I hope this helps and please let us know how this turns out!
Warmly,
Gianna
Hi
I’m confused by the short row instructions. Specifically, what is meant by “twice”, I knit 4 do the wrap and then turn. Do I put back to the beginning and then knit again the four wrap and turn and purl back again?
Hi JW,
Thanks for reaching out! I presume that you are at the shape shoulder section?
In that case after the set-up row you should have placed 2 markers, so for example with row 1 you will Knit to marker, sm (slip marker) twice; meaning you knit to the first marker, slip the marker to the other needle, then continue knitting to the 2nd marker, and slip that marker to the other needle. You will then knit an addition 3 (3, 4, 4, 4, 4) stitches after slipping the maker, then wrap the stitch and turn the work! You will then follow the same process for row 2. After you wrap and turn in row 1 you will move directly to row 2 purling to the marker, slip the marker to the other needle, then continue purling to the next marker, and slip that marker to the other needle and purl and additional 3 (3, 4, 4, 4, 4) stitches, wrp-t.
I hope this clarifies things!
Warmly,
Gianna
I love this pattern and would like to use the recommended yarn (Lanecardate Feltro) but it does not seem to be available.
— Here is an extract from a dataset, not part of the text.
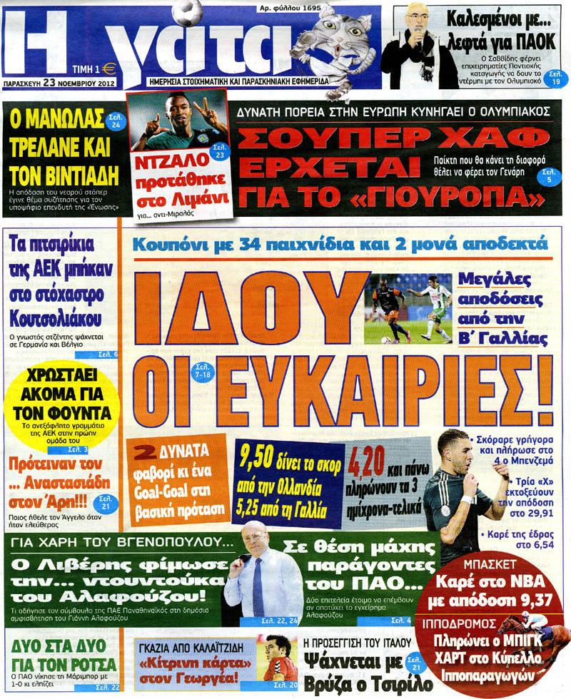 Οι αθλητικές εφημερίδες Enikos Newsroom 08:51, Παρασκευή 23 Νοεμβρίου 2012 Media Οι αθλητικές εφημερίδες Τα σημερινά πρωτοσέλιδα των αθλητικών εφημερίδων. ΑΘΛΗΤΙΚΑ ΕΦΗΜΕΡΙΔΕΣ ΕΦΗΜΕΡΙΔΕΣ ΠΡΩΤΟΣΕΛΙΔΑ ΠΡΩΤΟΣΕΛΙΔΑ Μοιράσου το: σχολίασε κι εσύ (0 σχόλια) Ακολουθήστε το enikos.gr στο Google News και μάθετε πρώτοι όλες τις ειδήσεις Δείτε όλες τις τελευταίες ειδήσεις από την Ελλάδα και τον Κόσμο στο enikos.gr Ειδήσεις Ροή Ειδήσεων 30 λεπτά πριν Ευρωπαϊκή Ένωση: Συμφωνία για δάνειο 90 δισ. ευρώ στην Ουκρανία τη διετία 2026-2027 5 ώρες πριν ΟΠΕΚΕΠΕ: Προφυλακιστέος ο φερόμενος αρχηγός και ο λογιστής της εγκληματικής οργάνωσης 6 ώρες πριν Αυξάνουν την πίεση προς την κυβέρνηση οι αγρότες: Κλείνουν παρακαμπτήριους και ανοίγουν διόδια – Τι θα γίνει τις γιορτές 6 ώρες πριν Φοινικούντα: Το Σάββατο απολογείται ο 30χρονος γιος γνωστού επιχειρηματία της Πλάκας που παραδόθηκε – Όσα είπε στους αστυνομικούς και ο ρόλος του στο έγκλημα 5 ώρες πριν ΑΕΚ – Κραϊόβα 3-2: Επική ανατροπή και πρόκριση στους «16» του Conference League η Ένωση 6 ώρες πριν Αρχαιολόγοι ανακάλυψαν ρωμαϊκά τεχνουργήματα από μια πόλη που δεν υπήρξε ποτέ – Τα τρία εντυπωσιακά κτίρια και ο αμφορέας με τις… σαρδέλες 7 ώρες πριν Ύπνος: Η απλή βραδινή ρουτίνα για να προστατεύσετε τα μαλλιά σας από το κρύο κατά τη διάρκεια του χειμώνα 8 ώρες πριν Manifesting: Πώς να συναντήσετε τον σύντροφο της ζωής σας, ανάλογα με τον μήνα γέννησής σας 2 ημέρες πριν 20 χρόνια τα Χριστούγεννα ξεκινούν στα Public με μεγάλη ποικιλία σε δώρα! 18 λεπτά πριν Γουατεμάλα: Εξαρθρώθηκε κύκλωμα διακίνησης μεταναστών προς τις ΗΠΑ – Συνελήφθησαν 14 άτομα 23 λεπτά πριν Βουλγαρία: Χιλιάδες πολίτες στους δρόμους κατά της απερχόμενης κυβέρνησης και της διαφθοράς 30 λεπτά πριν Ευρωπαϊκή Ένωση: Συμφωνία για δάνειο 90 δισ. ευρώ στην Ουκρανία τη διετία 2026-2027 54 λεπτά πριν Αιματηρή βομβιστική επίθεση στην Υεμένη: Τουλάχιστον τρεις νεκροί και 13 τραυματίες 57 λεπτά πριν Στη Φλόριντα σήμερα οι διαβουλεύσεις σχετικά με τα επόμενα στάδια για τη Λωρίδα της Γάζας ENIKOS NETWORK Σε περίοδο αυξημένης δραστηριότητας η γρίπη στην Ελλάδα-Μέτρα προστασίας από τον ΕΟΔΥ Σκέφτεστε συνέχεια συζητήσεις που έχετε κάνει; Τι σημαίνει αυτό, σύμφωνα με ειδικό Στεγαστικό: Τι λέει η ΠΟΜΙΔΑ για τα νέα μέτρα που ανακοίνωσε ο Κυριάκος Μητσοτάκης Λαγκάρντ: Αισιόδοξη για την ανάπτυξη της Ευρωζώνης, αβέβαιη για τον πληθωρισμό Χαρτογραφώντας το «σημείο χωρίς επιστροφή»: Για πρώτη φορά αποκαλύπτεται με λεπτομέρεια το ακανθώδες όριο της ατμόσφαιρας τ... Η Google καταργεί τη λειτουργία «dark web report» – Πώς θα μπορούν οι χρήστες να διαγράφουν τα δεδομένα τους περισσότερα 02:50 , Παρασκευή 19 Δεκεμβρίου 2025 GNTM: «Κλείδωσαν» οι τέσσερις φιναλίστ – Μεγάλη ανατροπή στις τελευταίες αποχωρήσεις Για προτελευταία φορά εμφανίστηκαν στο πλατό του GNTM οι φιναλίστ του φετινού κύκλου, το βράδυ... 17:45 , Πέμπτη 18 Δεκεμβρίου 2025 ROUK ZOUK: Εορταστικό επεισόδιο με καλεσμένους τους πρωταγωνιστές του «Γιατί ρε πατέρα» Το Σάββατο 20 Δεκεμβρίου στις 21:00, η Ζέτα Μακρυπούλια υποδέχεται εκλεκτούς ηθοποιούς που όλο... 17:20 , Πέμπτη 18 Δεκεμβρίου 2025 Άγιος έρωτας: Η Χριστίνα εξομολογείται στον πατέρα Νικόλαο, απόψε στις 21:00 στον Alpha Η Νότα αποφασίζει να εκδικηθεί τον Πέτρο και τον Στέφανο, για χάρη του Λούη, όμως τα πράγματα ... 16:50 , Πέμπτη 18 Δεκεμβρίου 2025 Να μ’ αγαπάς: Ζωή και Φωτεινή συμφιλιώνονται ως μάνα με κόρη, απόψε στις 20:00 Η ταυτότητα του Άγγελου αποκαλύπτεται στο νέο επεισόδ

Is there any information you can give me on it? Do you have a substitute if it is not available?
Hi Marilyn,
Thanks for reaching out! Unfortunately Lanecardate Feltro has been discontinued and is no longer available. In it’s place I would recommend using our newest yarn, Woolly Wool! I also always recommend working a gauge swatch when using a different yarn than suggested in the pattern prior to beginning to insure you are consistent!
I hope this helps and pease let me know if you have any further questions!
Warmly,
Gianna
I love your patterns and your tutorials! My question is, could you felt this jacket??? Thanks!
Hi Julie,
Thanks for reaching out and for your kind words! I haven’t heard of anyone felting this jacket but I think you certainly could!
Warmly,
Gianna
Hi, I love this jacket. I have a question regarding picking up the cast-on stitches. When I do this, I’m basically losing ‘half’ a stitch at each end because the picked up stitch is created in between two stitches going in opposite orientation. So in order to have the same number of stitches, I need to ‘create’ one, either at the beginning or at the end of the cast-on row. Any recommendations?
Thanks!
Hi Ale,
Thanks for reaching out! I’d recommend you take a look at our tutorial on Picking Up Stitches and watch the video Along A Horizontal Edge. This should help clarify how to pick up each stitch so that you’re not having to create a new one.
Let me know if you have any other questions!